- [GIVEN MATERIAL]:
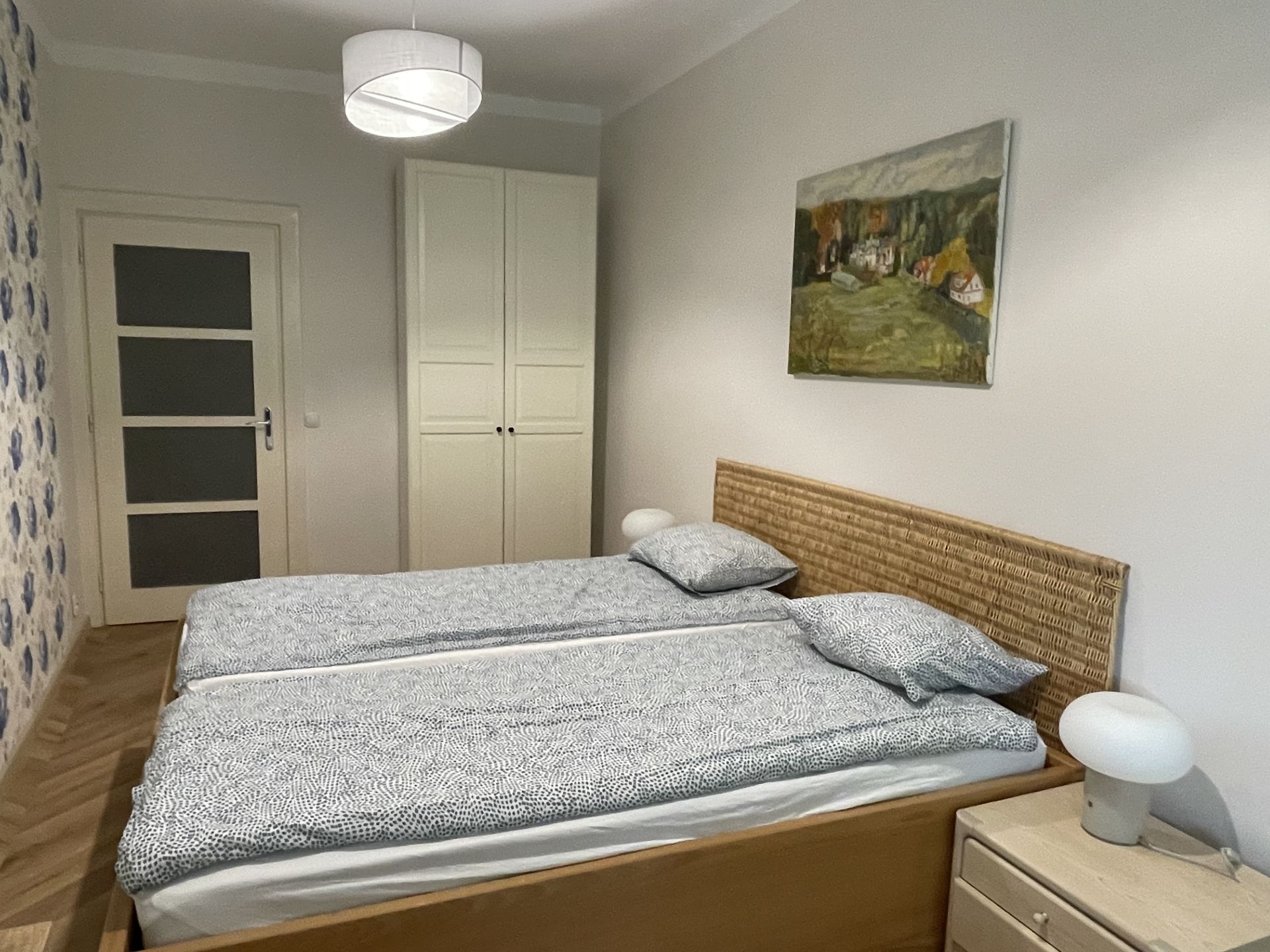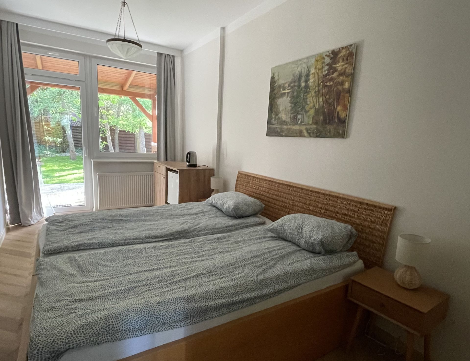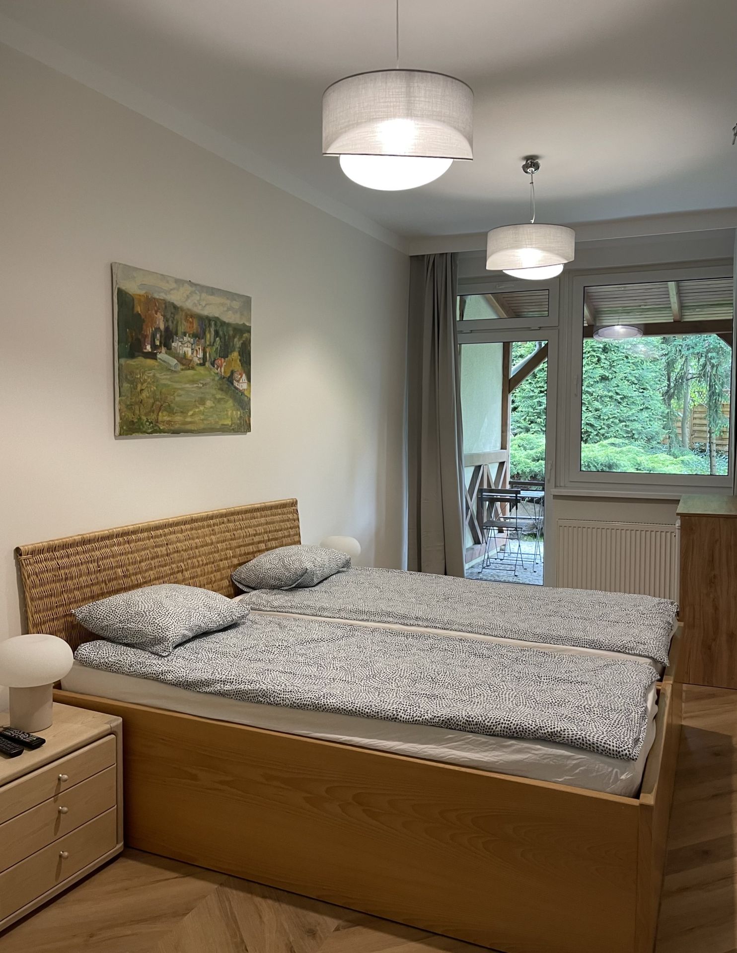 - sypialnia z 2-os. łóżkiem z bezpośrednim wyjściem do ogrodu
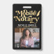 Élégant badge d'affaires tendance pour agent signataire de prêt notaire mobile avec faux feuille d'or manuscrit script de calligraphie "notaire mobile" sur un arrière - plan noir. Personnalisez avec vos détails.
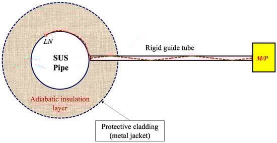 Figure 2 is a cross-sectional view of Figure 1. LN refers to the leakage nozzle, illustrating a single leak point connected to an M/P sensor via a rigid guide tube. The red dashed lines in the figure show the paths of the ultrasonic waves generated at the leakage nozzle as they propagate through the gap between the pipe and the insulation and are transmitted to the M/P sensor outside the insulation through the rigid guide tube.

- [TASK TO COMPLETE]: Write out the material above exactly; no pictures.

- [TASK SOLUTION]:
 - sypialnia z 2-os. łóżkiem z bezpośrednim wyjściem do ogrodu
 Élégant badge d'affaires tendance pour agent signataire de prêt notaire mobile avec faux feuille d'or manuscrit script de calligraphie "notaire mobile" sur un arrière - plan noir. Personnalisez avec vos détails.
 Figure 2 is a cross-sectional view of Figure 1. LN refers to the leakage nozzle, illustrating a single leak point connected to an M/P sensor via a rigid guide tube. The red dashed lines in the figure show the paths of the ultrasonic waves generated at the leakage nozzle as they propagate through the gap between the pipe and the insulation and are transmitted to the M/P sensor outside the insulation through the rigid guide tube.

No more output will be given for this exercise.